Assessoria Jurídica do Cimi aponta inconstitucionalidade de projeto que permite passagem de linhas de energia em terras indígenas
Proposta inconstitucional confere ao presidente da República a prerrogativa de dizer quais terras indígenas são de relevante interesse público para passagem de linhões, sem participação do Congresso
A Assessoria Jurídica do Conselho Indigenista Missionário (Cimi) produziu uma nota técnica a respeito do Projeto de Lei Complementar (PLP) 275/2019, que trata da passagem de linhas de energia elétrica em terras indígenas. O projeto foi aprovado pelo Senado Federal no dia 4 de maio deste ano e, agora, segue para análise da Câmara dos Deputados.
De acordo com o texto do autor do projeto, o senador Chico Rodrigues (União Brasil/RR), “o § 6º do art. 231 da Constituição Federal dispõe que o relevante interesse público da União que tenha por objeto a ocupação das terras indígenas e a exploração de recursos naturais nelas existentes, deverão ser regulados por lei complementar”.
Em nota, a Assessoria Jurídica do Cimi reconhece que há a necessidade de investir na estrutura elétrica do estado de Roraima que, além de sofrer com constante instabilidade energética, é o único estado da federação que não está ligado ao Sistema Interligado Nacional (SIN). No entanto, entende-se que a matéria é inconstitucional.
“Consta notável inconstitucionalidade no texto proposto, sobretudo no que afeta aos direitos dos povos indígenas e o que é estabelecido pela Constituição Federal quanto à proteção de suas terras”, diz a nota.
É importante ressaltar, ainda, que, por meio do PLP 275/2019, o senador Chico Rodrigues pretende conferir ao Presidente da República a discricionariedade, sem a participação do Congresso Nacional, de dizer quais são as terras indígenas de relevante interesse público para a passagem de linhas de transmissão de energia elétrica.
Na avaliação dos advogados do Cimi, essa previsão de delegação da regulamentação para o Presidente da República é “oca, padecendo de evidente inconstitucionalidade a proposição legislativa, pois cria uma competência inexistente para o Presidente da República e abrevia o rito democrático para incidir em terras protegidas pela Constituição Federal”.

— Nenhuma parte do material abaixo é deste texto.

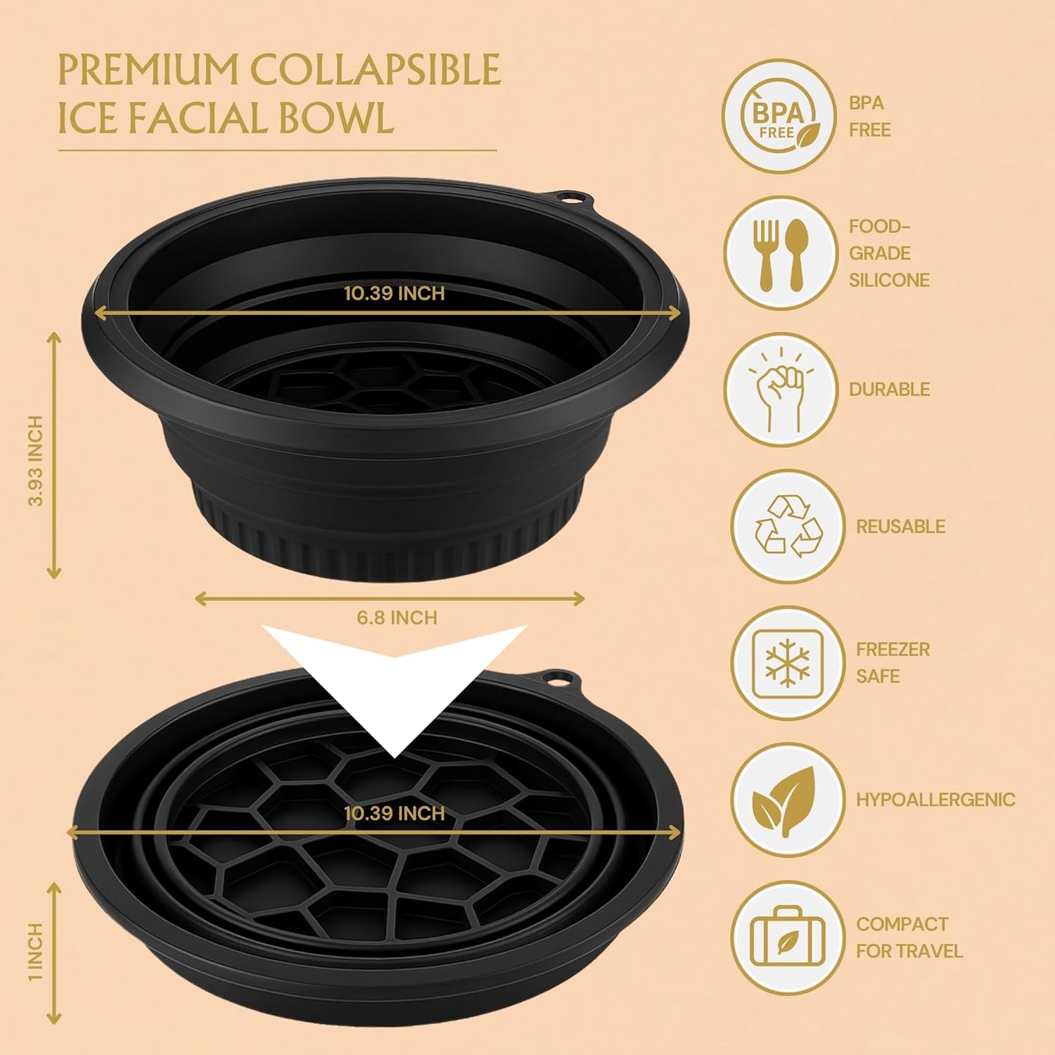 - COLLAPSIBLE FACE ICE BOWL: Foldable Silicone Bowl to Ice Bath Facial Plunges Compresses Flat to Save Space and Expands Instantly to Use. Ideal to Home Skincare Routines, Gym Recovery Sessions, or Cold Plunge Therapy During Travel or Business Trips
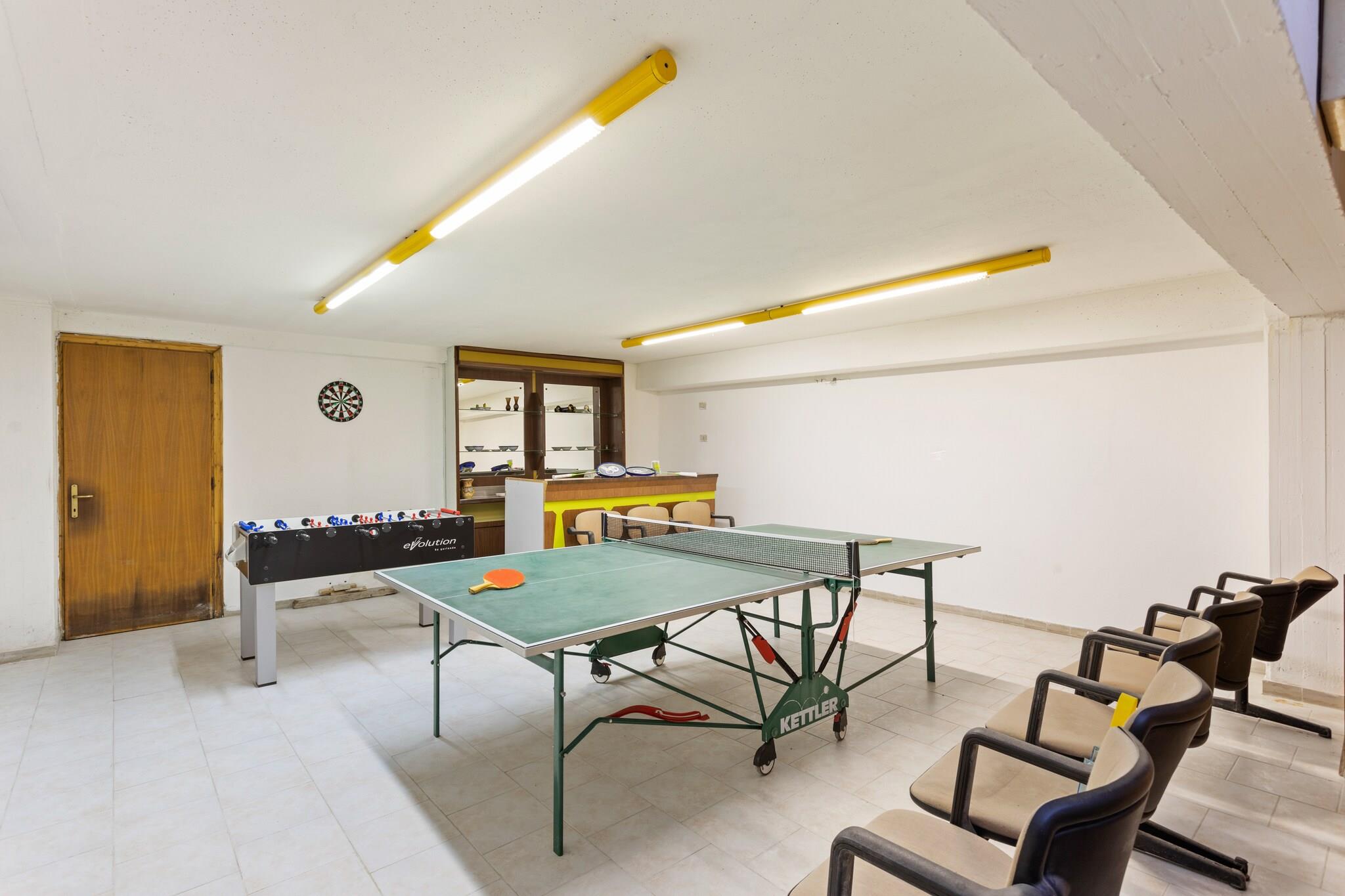 På 2. etage: (Køkken(kogeplade, elkedel, kaffemaskine, ovn, køle-fryseskab), stue / spisestue(enkeltskabsseng, Fjernsyn, spisebord), soveværelse(dobbeltseng), soveværelse(enkeltseng, enkeltseng), badeværelse(bruser, håndvask, toilet, bidet), klimaanlæg) vaskerum (håndvask, toilet, vaskemaskine), fitnessrum(fitnessapparater), opholdsrum(bordtennisbord, bordfodbold), terrasse, have(deles med andre gæster), havemøbler, swimmingpool(deles med andre gæster, 15 x 7 m., opened from Jun upto and including 1/2 Sep)

“Essa matéria não pode, em hipótese nenhuma, ser regida por meio de Decreto, mas tão somente mediante Lei Complementar com deliberação do Congresso Nacional, consultadas as comunidades indígenas afetadas”, completam, em nota.
Nota do Cimi
No mesmo dia em que o PLP 275/2019 foi aprovado pelo Senado Federal, o Cimi publicou uma nota pública a respeito do assunto. Para a instituição, o projeto é mais um “ataque contra os direitos dos povos indígenas do Brasil”.
“Ressaltamos que os povos indígenas são as primeiras vítimas dessa ambição ‘desenvolvimentista’ na qual afeta, diretamente, o modo de vida e a cultura dos povos. Mas eles não são as únicas vítimas desse sistema. Todas as demais populações próximas, bem como todas as formas de vida do entorno e do planeta, correm risco de serem gravemente afetadas e até mesmo extintas. Não se trata de retórica, trata-se de emergência na defesa da vida e de riscos reais, comprovados por estudos científicos”, afirmou o Cimi.